Trois dirigeants libyens de premier plan ont déclaré dimanche qu’ils s’étaient mis d’accord sur la « nécessité » de former un nouveau gouvernement unifié qui superviserait les élections longtemps reportées.
Le processus politique visant à résoudre plus d’une décennie de conflit en Libye est dans l’impasse depuis l’échec des élections prévues en décembre 2021 en raison de différends sur l’éligibilité des principaux candidats.
Les dirigeants sont le président du Conseil présidentiel (PC) Mohamed Menfi, le chef du Haut Conseil d’Etat (HSC) Mohamed Takala, tous deux basés à Tripoli, et Aguila Saleh, président de la Chambre des représentants (CdR) à Benghazi.
Dans une déclaration commune, les trois dirigeants ont également appelé la mission des Nations Unies en Libye et la communauté internationale à soutenir leurs propositions. Ils ont indiqué qu’ils étaient convenus de former un comité technique pour « examiner les points controversés ».
Ils se sont rencontrés au Caire à l’invitation du secrétaire général de la Ligue arabe, Ahmed Aboul Gheit.
« Nous pensons que les mesures convenues aujourd’hui constituent un début très important.
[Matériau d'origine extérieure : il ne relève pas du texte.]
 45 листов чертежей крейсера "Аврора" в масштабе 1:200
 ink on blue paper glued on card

Ce sont des résultats à la hauteur de l’ambition des Libyens d’organiser des élections », a déclaré Menfi aux médias après la réunion.
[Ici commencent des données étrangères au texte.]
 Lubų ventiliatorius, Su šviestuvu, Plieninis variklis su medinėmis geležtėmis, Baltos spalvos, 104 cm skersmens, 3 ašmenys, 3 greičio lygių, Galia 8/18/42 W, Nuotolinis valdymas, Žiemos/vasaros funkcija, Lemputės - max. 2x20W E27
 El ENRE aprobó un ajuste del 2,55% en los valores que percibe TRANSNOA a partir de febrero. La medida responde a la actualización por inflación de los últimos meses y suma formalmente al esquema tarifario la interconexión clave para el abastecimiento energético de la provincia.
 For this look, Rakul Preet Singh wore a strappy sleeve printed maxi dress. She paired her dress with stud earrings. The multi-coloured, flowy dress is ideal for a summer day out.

Menfi est arrivé au pouvoir lorsque le Gouvernement d’unité nationale (GNU) dirigé par le Premier ministre Abdulhamid al-Dbeibah a été installé grâce à un processus soutenu par l’ONU en 2021, mais le Parlement ne reconnaît plus sa légitimité.
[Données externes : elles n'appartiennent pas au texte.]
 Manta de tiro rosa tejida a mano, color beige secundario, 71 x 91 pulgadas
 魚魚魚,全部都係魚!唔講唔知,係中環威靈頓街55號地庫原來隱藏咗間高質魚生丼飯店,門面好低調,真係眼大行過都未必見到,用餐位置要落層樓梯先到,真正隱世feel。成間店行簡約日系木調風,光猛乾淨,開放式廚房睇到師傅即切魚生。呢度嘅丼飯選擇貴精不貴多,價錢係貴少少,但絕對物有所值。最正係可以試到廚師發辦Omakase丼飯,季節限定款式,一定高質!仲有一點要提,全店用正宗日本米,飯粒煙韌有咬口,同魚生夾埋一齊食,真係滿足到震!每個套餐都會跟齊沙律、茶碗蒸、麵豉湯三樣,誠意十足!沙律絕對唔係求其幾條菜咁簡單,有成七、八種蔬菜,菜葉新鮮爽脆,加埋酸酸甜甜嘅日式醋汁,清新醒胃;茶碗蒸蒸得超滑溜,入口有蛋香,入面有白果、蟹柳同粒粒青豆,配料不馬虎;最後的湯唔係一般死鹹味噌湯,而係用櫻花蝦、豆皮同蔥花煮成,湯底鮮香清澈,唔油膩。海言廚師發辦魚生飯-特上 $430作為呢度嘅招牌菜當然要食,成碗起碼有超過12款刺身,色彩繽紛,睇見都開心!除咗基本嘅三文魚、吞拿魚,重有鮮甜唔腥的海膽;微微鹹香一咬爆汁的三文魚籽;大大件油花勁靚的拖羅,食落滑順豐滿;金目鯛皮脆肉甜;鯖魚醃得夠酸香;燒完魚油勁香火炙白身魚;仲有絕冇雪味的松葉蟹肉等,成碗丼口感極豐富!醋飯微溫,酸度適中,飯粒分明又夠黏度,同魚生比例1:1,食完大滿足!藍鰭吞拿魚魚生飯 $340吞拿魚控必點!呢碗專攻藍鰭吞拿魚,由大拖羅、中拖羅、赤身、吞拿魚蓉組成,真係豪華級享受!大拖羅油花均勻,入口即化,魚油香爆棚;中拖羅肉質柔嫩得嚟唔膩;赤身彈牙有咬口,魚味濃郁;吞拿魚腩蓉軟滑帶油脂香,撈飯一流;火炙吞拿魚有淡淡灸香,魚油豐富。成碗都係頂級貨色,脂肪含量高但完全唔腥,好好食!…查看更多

Dbeibah s’est engagé à ne pas céder le pouvoir à un nouveau gouvernement sans élections nationales.
La Chambre des représentants a été élue en 2014, tandis que le Haut Conseil d’État a été formé dans le cadre d’un accord politique de 2015 et issu d’un parlement élu en 2012.
La semaine dernière, le gouverneur de la Banque centrale, Sadiq Kabir, a écrit au Parlement pour lui demander d’approuver un nouveau gouvernement unifié et un budget national sur l’ampleur des dépenses du GNU.
La diplomatie internationale visant à résoudre le conflit en Libye s’est concentrée sur la tenue d’élections parlementaires et présidentielles pour remplacer les institutions politiques intérimaires, notamment la Chambre des représentants, le HSC et le GNU.
Alors que tous les principaux acteurs politiques du pays ont appelé à des élections, de nombreux Libyens doutent qu’ils recherchent réellement un scrutin susceptible de destituer la plupart d’entre eux du pouvoir.
La Libye est entrée en crise depuis le soulèvement soutenu par l’OTAN en 2011 et s’est divisée en 2014 entre factions orientales et occidentales, avec des administrations rivales gouvernant dans chaque région.